START DATA EXTRACT

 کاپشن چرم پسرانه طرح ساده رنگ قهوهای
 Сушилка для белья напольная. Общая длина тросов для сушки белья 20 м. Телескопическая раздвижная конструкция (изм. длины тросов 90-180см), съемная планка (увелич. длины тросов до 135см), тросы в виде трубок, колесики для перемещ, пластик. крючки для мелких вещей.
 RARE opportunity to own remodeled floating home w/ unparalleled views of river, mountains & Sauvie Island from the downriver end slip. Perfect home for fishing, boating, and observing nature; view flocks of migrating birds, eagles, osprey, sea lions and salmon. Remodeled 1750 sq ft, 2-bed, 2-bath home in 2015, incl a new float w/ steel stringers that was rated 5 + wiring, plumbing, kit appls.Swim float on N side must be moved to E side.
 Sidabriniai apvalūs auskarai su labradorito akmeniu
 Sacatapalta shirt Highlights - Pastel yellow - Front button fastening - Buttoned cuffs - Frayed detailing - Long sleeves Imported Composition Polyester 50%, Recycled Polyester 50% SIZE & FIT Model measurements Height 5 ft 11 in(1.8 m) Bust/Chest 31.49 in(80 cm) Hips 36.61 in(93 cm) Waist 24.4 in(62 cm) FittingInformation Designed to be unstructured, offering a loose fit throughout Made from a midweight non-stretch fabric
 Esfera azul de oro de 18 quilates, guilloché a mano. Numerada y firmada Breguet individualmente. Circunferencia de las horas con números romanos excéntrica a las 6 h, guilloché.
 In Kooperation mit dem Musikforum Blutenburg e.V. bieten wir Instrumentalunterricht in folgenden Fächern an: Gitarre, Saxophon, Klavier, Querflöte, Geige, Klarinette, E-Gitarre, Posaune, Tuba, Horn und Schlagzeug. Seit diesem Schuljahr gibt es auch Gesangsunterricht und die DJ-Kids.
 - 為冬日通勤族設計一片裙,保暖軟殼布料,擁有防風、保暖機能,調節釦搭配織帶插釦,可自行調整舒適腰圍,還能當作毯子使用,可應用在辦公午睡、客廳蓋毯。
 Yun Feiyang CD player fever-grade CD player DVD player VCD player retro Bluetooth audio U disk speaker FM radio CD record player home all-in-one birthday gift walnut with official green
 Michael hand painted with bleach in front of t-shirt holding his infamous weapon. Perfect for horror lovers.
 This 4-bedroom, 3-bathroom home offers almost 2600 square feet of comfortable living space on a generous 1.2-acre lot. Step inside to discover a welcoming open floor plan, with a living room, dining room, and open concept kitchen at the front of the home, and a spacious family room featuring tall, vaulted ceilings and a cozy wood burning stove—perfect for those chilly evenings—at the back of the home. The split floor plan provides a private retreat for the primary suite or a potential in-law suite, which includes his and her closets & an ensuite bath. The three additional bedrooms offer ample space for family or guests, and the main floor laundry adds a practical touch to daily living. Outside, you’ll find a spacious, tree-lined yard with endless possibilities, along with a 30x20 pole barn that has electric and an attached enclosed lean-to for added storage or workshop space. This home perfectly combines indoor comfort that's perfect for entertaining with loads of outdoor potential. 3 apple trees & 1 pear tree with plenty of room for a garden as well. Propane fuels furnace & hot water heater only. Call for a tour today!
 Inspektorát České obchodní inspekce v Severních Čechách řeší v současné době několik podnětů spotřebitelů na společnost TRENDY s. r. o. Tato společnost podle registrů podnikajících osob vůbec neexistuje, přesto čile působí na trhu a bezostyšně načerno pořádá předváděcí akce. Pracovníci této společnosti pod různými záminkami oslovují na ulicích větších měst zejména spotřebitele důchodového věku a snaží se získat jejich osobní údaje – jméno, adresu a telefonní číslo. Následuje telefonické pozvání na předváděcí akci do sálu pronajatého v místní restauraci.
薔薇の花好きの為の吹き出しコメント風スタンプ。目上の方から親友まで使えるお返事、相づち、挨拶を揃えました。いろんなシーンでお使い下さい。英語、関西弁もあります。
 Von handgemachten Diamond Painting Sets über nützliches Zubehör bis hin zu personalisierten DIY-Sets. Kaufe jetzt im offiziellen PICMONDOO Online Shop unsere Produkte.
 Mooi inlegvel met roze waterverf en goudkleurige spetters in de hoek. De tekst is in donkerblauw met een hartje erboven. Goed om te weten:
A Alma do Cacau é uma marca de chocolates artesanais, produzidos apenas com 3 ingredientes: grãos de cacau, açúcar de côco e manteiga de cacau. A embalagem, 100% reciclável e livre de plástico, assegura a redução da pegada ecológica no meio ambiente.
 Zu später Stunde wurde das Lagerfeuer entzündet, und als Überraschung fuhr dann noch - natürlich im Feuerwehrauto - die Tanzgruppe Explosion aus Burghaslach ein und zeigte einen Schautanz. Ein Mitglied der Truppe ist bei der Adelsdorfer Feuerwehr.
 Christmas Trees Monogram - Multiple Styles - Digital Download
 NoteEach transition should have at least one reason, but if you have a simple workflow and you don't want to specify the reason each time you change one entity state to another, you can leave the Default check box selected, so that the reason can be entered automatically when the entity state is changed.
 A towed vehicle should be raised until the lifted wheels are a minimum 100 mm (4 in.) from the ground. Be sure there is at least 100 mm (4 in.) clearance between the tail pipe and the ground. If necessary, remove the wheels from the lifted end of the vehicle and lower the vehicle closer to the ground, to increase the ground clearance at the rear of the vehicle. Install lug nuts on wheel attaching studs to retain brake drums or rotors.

END DATA EXTRACT

THE PROBLEM> Scan the entries above for the line containing "Mooi inlegvel met", and copy it and all lines after it exactly, down to and including the line containing "Christmas Trees Monogram".

TASK ANSWER>
 Mooi inlegvel met roze waterverf en goudkleurige spetters in de hoek. De tekst is in donkerblauw met een hartje erboven. Goed om te weten:
A Alma do Cacau é uma marca de chocolates artesanais, produzidos apenas com 3 ingredientes: grãos de cacau, açúcar de côco e manteiga de cacau. A embalagem, 100% reciclável e livre de plástico, assegura a redução da pegada ecológica no meio ambiente.
 Zu später Stunde wurde das Lagerfeuer entzündet, und als Überraschung fuhr dann noch - natürlich im Feuerwehrauto - die Tanzgruppe Explosion aus Burghaslach ein und zeigte einen Schautanz. Ein Mitglied der Truppe ist bei der Adelsdorfer Feuerwehr.
 Christmas Trees Monogram - Multiple Styles - Digital Download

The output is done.